[Exercise directions] Type out the lines below exactly, from the first through the line holding "可以看到,上面這個例子佈局時,只有 Frame 才需要應用", and include no pictures.

[Provided material]
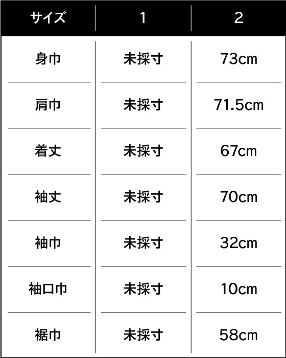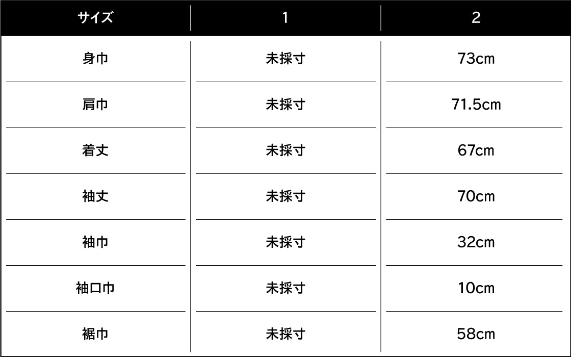 身長182cm、バスト90cm、ウエスト76cm、ヒップ88cm、肩巾53cm、袖丈63cm、頭回り59cm
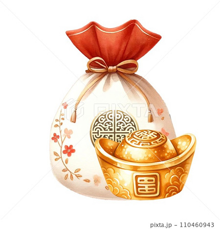 Chinese New Year red bag with gold money clipart watercolor .AI Generate
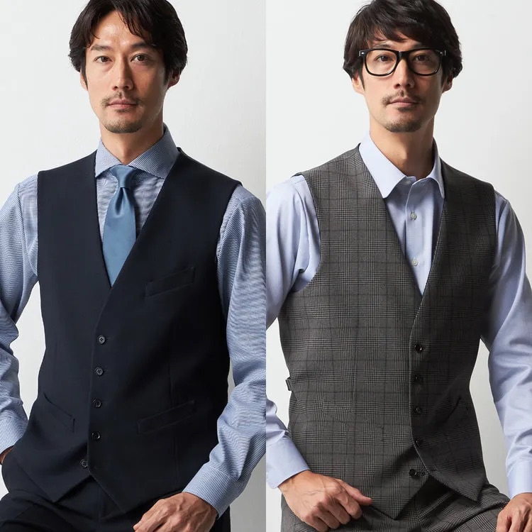 另外,備有與外套、西裝褲相同佈料的背心款式,可當作三件套套裝穿著,在正式結婚典禮、753歲、孩子畢業入學等場合穿著。
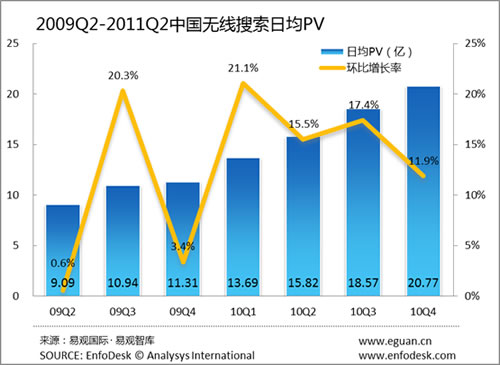 從無(wú)線搜索市場(chǎng)的PV來(lái)看,2011年第2季度中國(guó)無(wú)線搜索市場(chǎng)日均PV已經(jīng)突破24億次,環(huán)比上季度增長(zhǎng)為11.0%,增長(zhǎng)率相比上個(gè)季度開(kāi)始反彈。
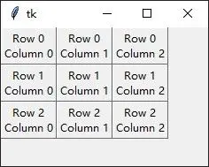 可以看到,上面這個例子佈局時,只有 Frame 才需要應用 grid 管理器,因為每個標籤和 Frame 一一對應,所以標籤不需要重複應用格子布局。
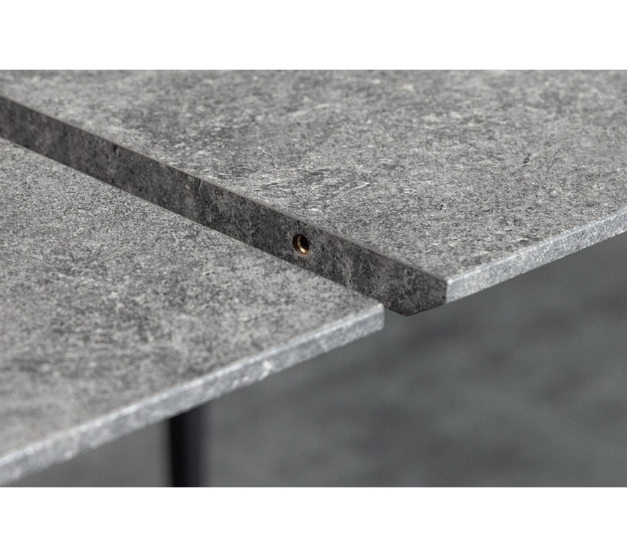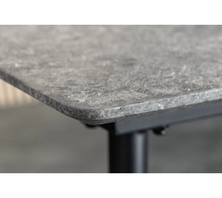 Vrchní deska je vyhotovena z dřevěné dýhy s kamenným, mramorovým designem v šedé barvě. Tento povrch dodává stolu elegantní a neutrální charakter, působí klidně a decentně a zároveň se snadno kombinuje s různými materiály a barevnými tóny v interiéru.Oblé rohy zjemňují celkový tvar stolu a přispívají k bezpečnosti i vizuální harmonii.
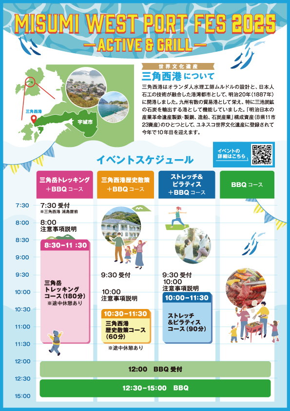 アクティビティは「三角岳トレッキング」「三角西港歴史散策」「ピラティス&ストレッチ」の3コース。
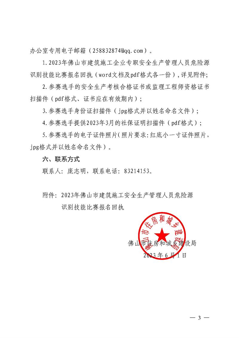 2023年佛山市建筑施工安全生產(chǎn)管理人員危險源識別技能比賽報名回執(zhí)

[Expected output]
 身長182cm、バスト90cm、ウエスト76cm、ヒップ88cm、肩巾53cm、袖丈63cm、頭回り59cm
 Chinese New Year red bag with gold money clipart watercolor .AI Generate
 另外,備有與外套、西裝褲相同佈料的背心款式,可當作三件套套裝穿著,在正式結婚典禮、753歲、孩子畢業入學等場合穿著。
 從無(wú)線搜索市場(chǎng)的PV來(lái)看,2011年第2季度中國(guó)無(wú)線搜索市場(chǎng)日均PV已經(jīng)突破24億次,環(huán)比上季度增長(zhǎng)為11.0%,增長(zhǎng)率相比上個(gè)季度開(kāi)始反彈。
 可以看到,上面這個例子佈局時,只有 Frame 才需要應用 grid 管理器,因為每個標籤和 Frame 一一對應,所以標籤不需要重複應用格子布局。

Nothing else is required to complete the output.